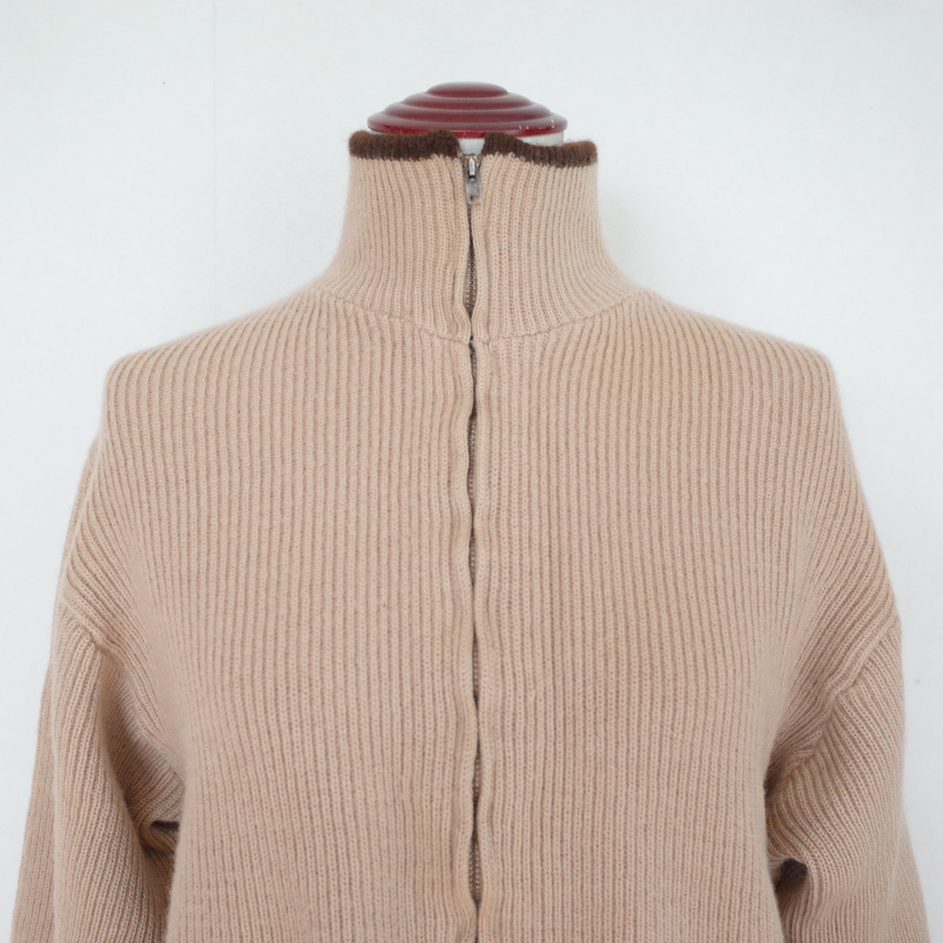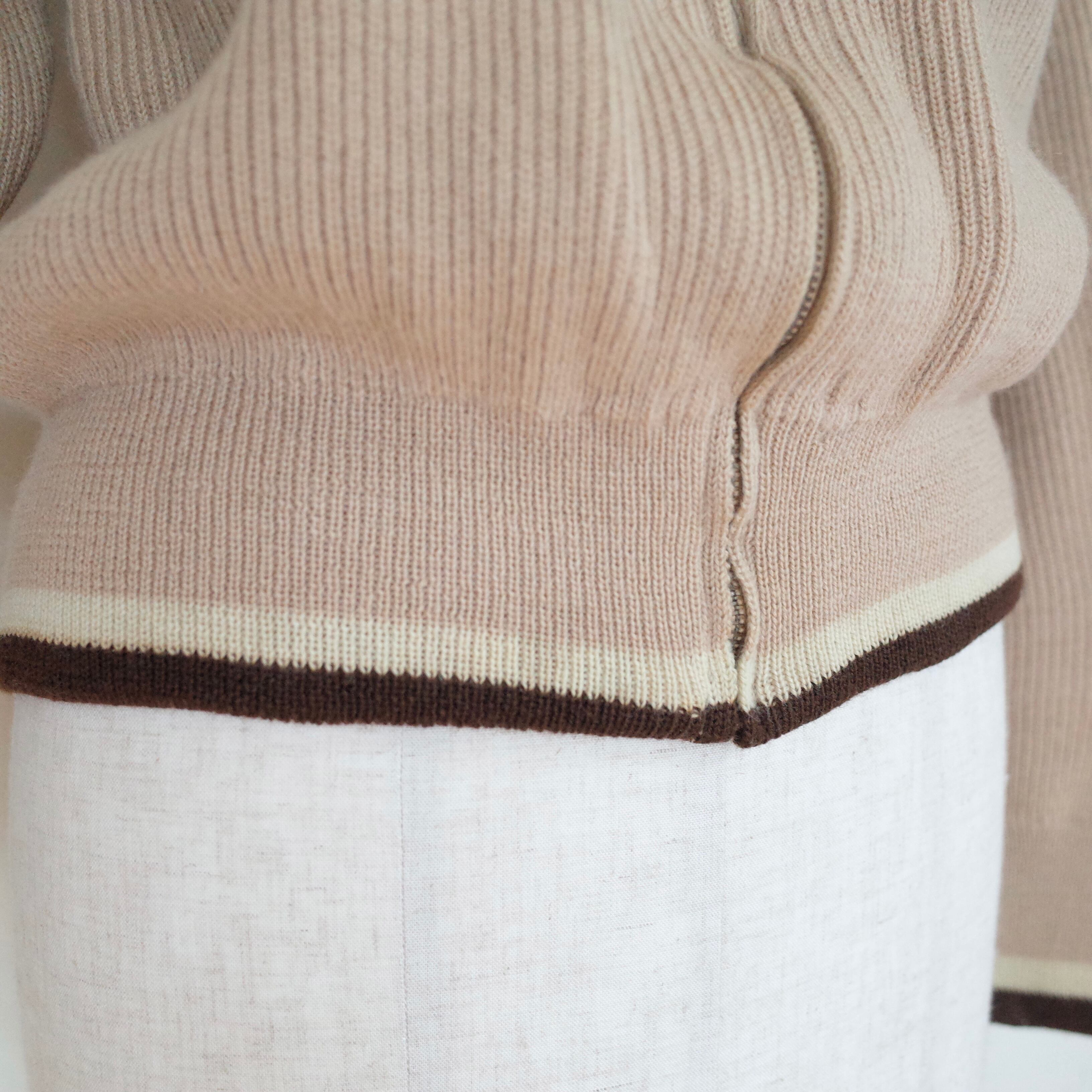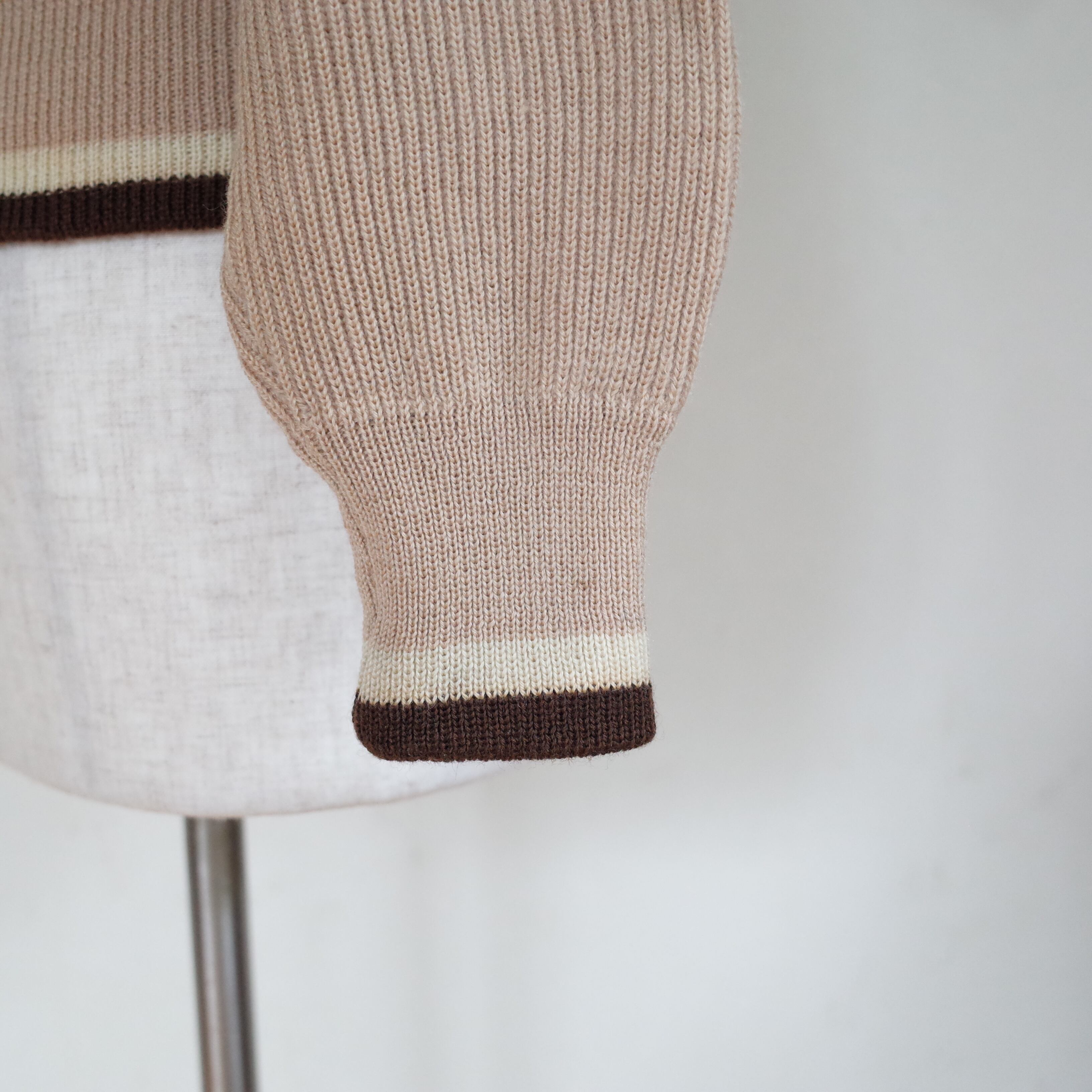 50-60年代製アバランチのヴィンテージジップアップセーターです。しっかり目の詰まった、肉厚のリブ。ベージュのボディにグラデーションラインが全体を締めてくれます。カタチや雰囲気が抜群な一着です。
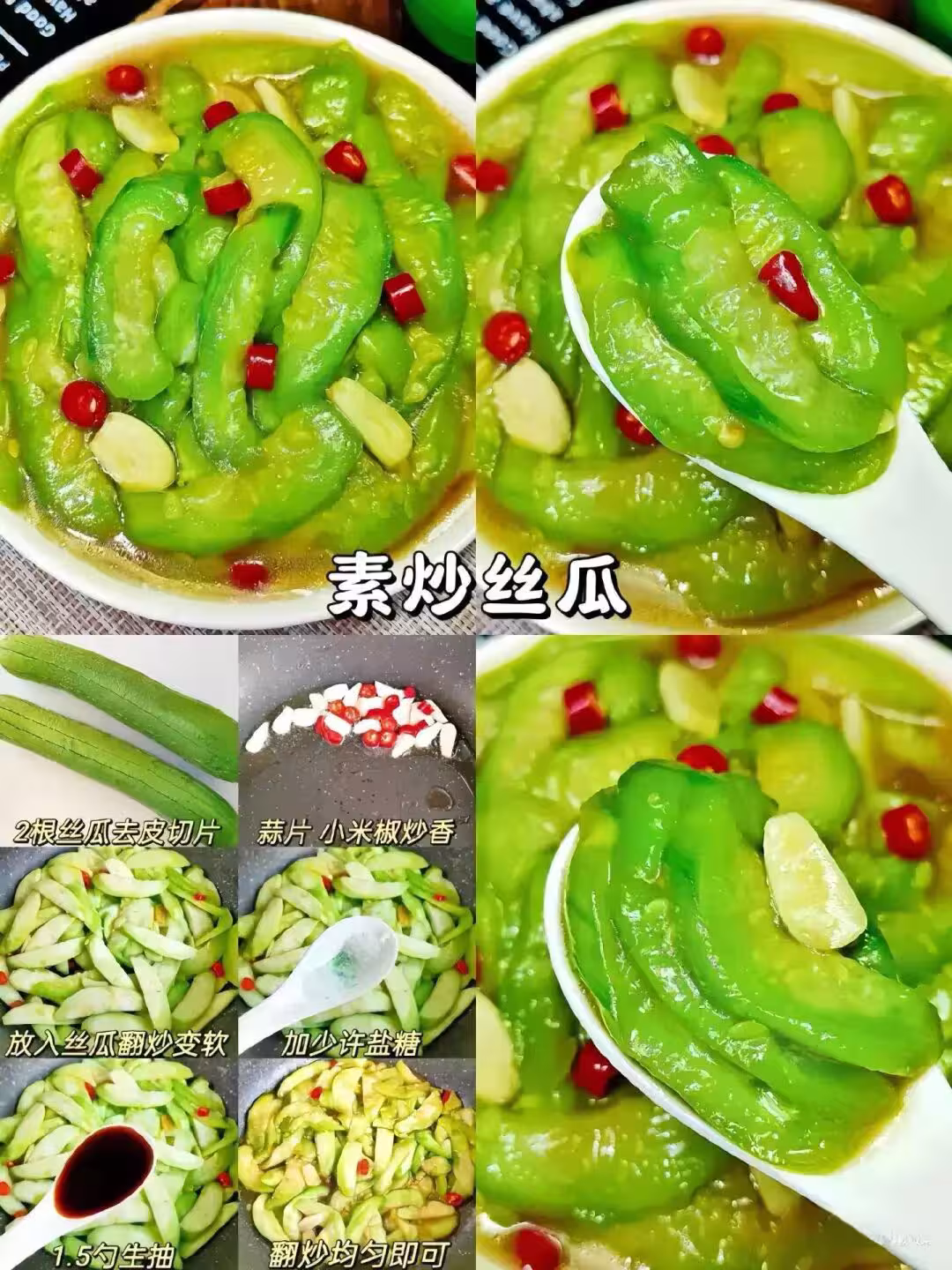 製作步驟: 2根絲瓜去皮切片 蒜片 小米椒🌶炒香 放入絲瓜翻炒變軟 加少許鹽糖 1.5勺生抽 翻炒均勻即可
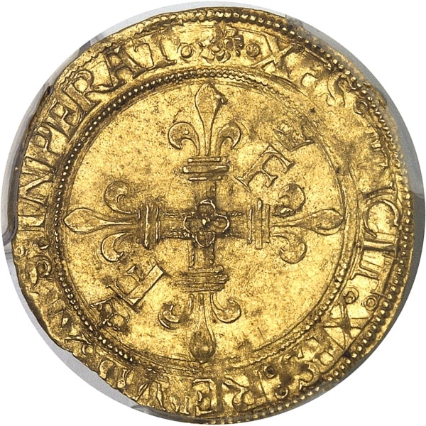 Rv. (atelier). XPS: VINCIT: XPS: RENAT: XPS: INPERAT. Croix fleurdelisée avec quadrilobe en cœur, cantonnée de deux F couronnées.
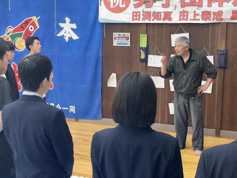 「勝つよな!絶対に勝つよな!総体までのおよそ2か月間は時間があれば空手のことを考えてほしい。相手は同じ高校生だ!絶対に勝てる!負けたらどうする?違う!絶対に負けないって気持ちが大事なんだ!みんなのことを応援しています!」
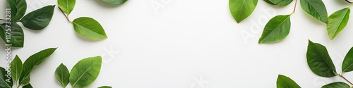 Fototapeta premium simple arrangement of green leaves forming circle on smooth white background...
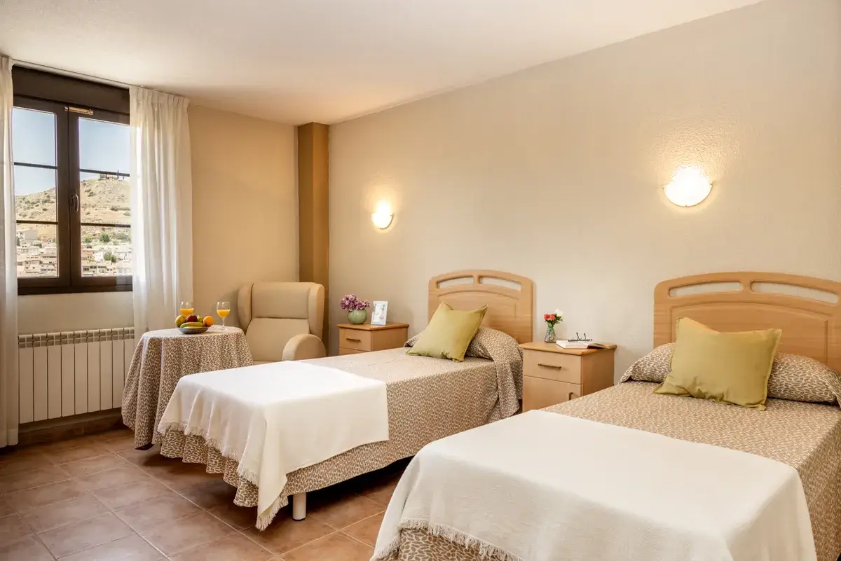 Las habitaciones, tanto individuales como dobles, cuentan con baño propio adaptado, camas articuladas, sistemas de aviso asistencial, climatización y mobiliario funcional. El diseño está pensado para favorecer la autonomía al máximo y permitir que las personas puedan desplazarse con comodidad, incluso quienes utilizan ayudas técnicas o sillas de ruedas. Además, existe la posibilidad de personalizar las estancias con objetos personales, fotografías y enseres que aportan identidad y confort emocional.
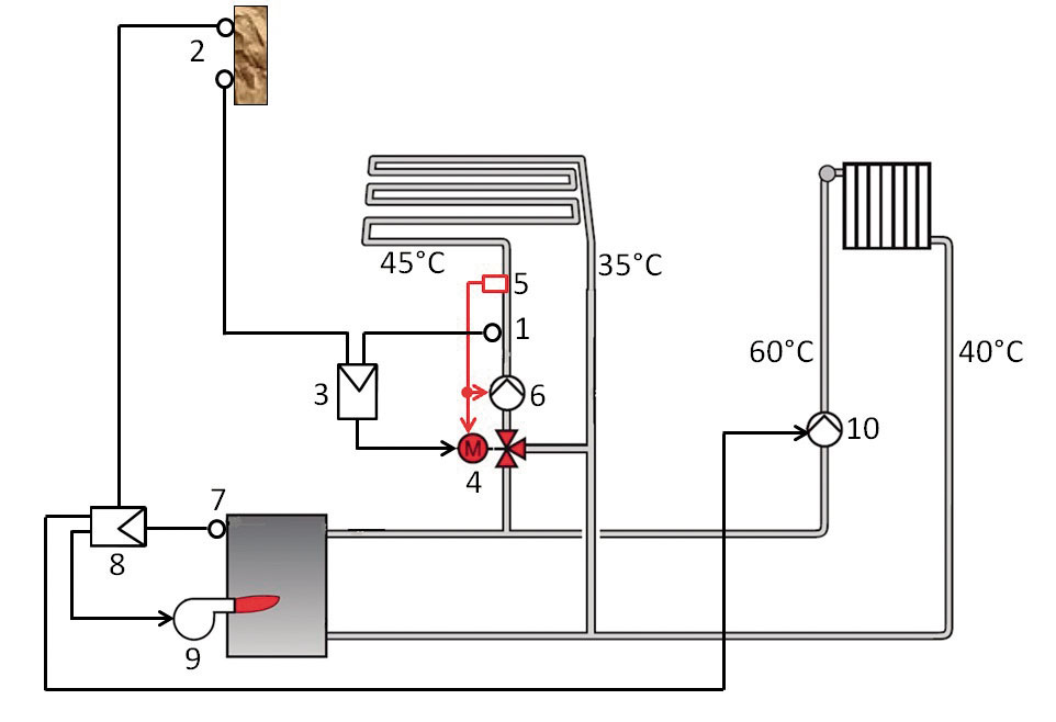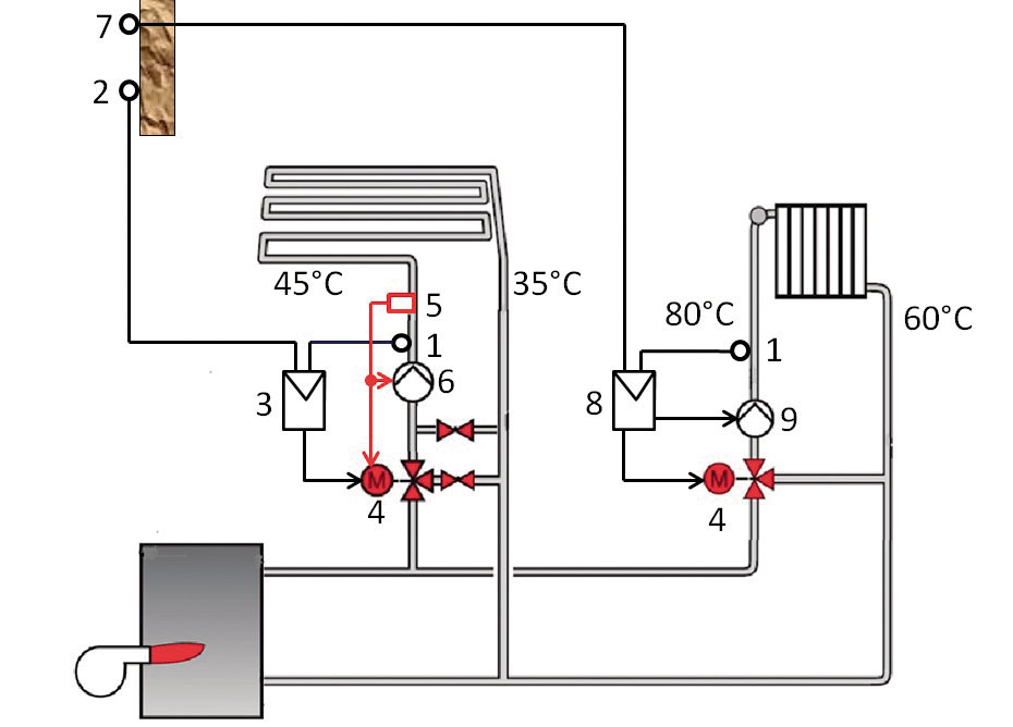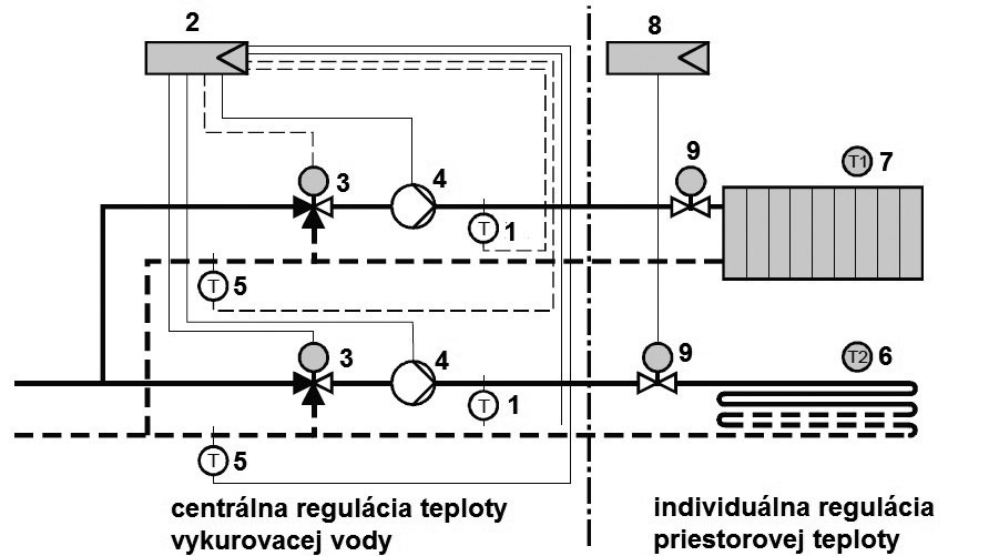 - V rámci miestnosti je úmyselne navrhnutá kombinácia sálavého a konvekčného vykurovania s cieľom zlepšiť dynamické správanie celého systému. Zotrvačnosť podlahového vykurovania spôsobuje problémy hlavne v prechodných obdobiach, keď sú zvyčajne prudšie výkyvy vonkajšej teploty počas dňa a noci. Navyše, cez deň je v tomto období ešte dostatok slnečného svitu, čo spôsobuje zvyšovanie vnútornej teploty, s čím má zotrvačný systém problém sa rýchlo vyrovnať. Podlahové vykurovanie sa navrhuje tak, aby krylo približne 50 až 70 % celkových tepelných strát objektu. Zvyšok vykrýva pružný a rýchly konvekčný vykurovací systém, najčastejšie sú to konvektory s nízkym objemom vody v telesách. Teplota vykurovacej vody oboch systémov sa riadi podľa ekvitermnej krivky. Možno pri tom aplikovať schému na obr. 4.
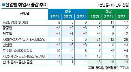 전남에서는 사회간접자본 및 기타서비스업과 전기·운수·통신·금융 취업자 타격이 컸다.

::::

Work item » Only the lines from the one containing "- V rámci miestnosti" through the last line of the entries above, both included, belong in the answer, written out exactly; pictures do not.

Exercise result »
 - V rámci miestnosti je úmyselne navrhnutá kombinácia sálavého a konvekčného vykurovania s cieľom zlepšiť dynamické správanie celého systému. Zotrvačnosť podlahového vykurovania spôsobuje problémy hlavne v prechodných obdobiach, keď sú zvyčajne prudšie výkyvy vonkajšej teploty počas dňa a noci. Navyše, cez deň je v tomto období ešte dostatok slnečného svitu, čo spôsobuje zvyšovanie vnútornej teploty, s čím má zotrvačný systém problém sa rýchlo vyrovnať. Podlahové vykurovanie sa navrhuje tak, aby krylo približne 50 až 70 % celkových tepelných strát objektu. Zvyšok vykrýva pružný a rýchly konvekčný vykurovací systém, najčastejšie sú to konvektory s nízkym objemom vody v telesách. Teplota vykurovacej vody oboch systémov sa riadi podľa ekvitermnej krivky. Možno pri tom aplikovať schému na obr. 4.
 전남에서는 사회간접자본 및 기타서비스업과 전기·운수·통신·금융 취업자 타격이 컸다.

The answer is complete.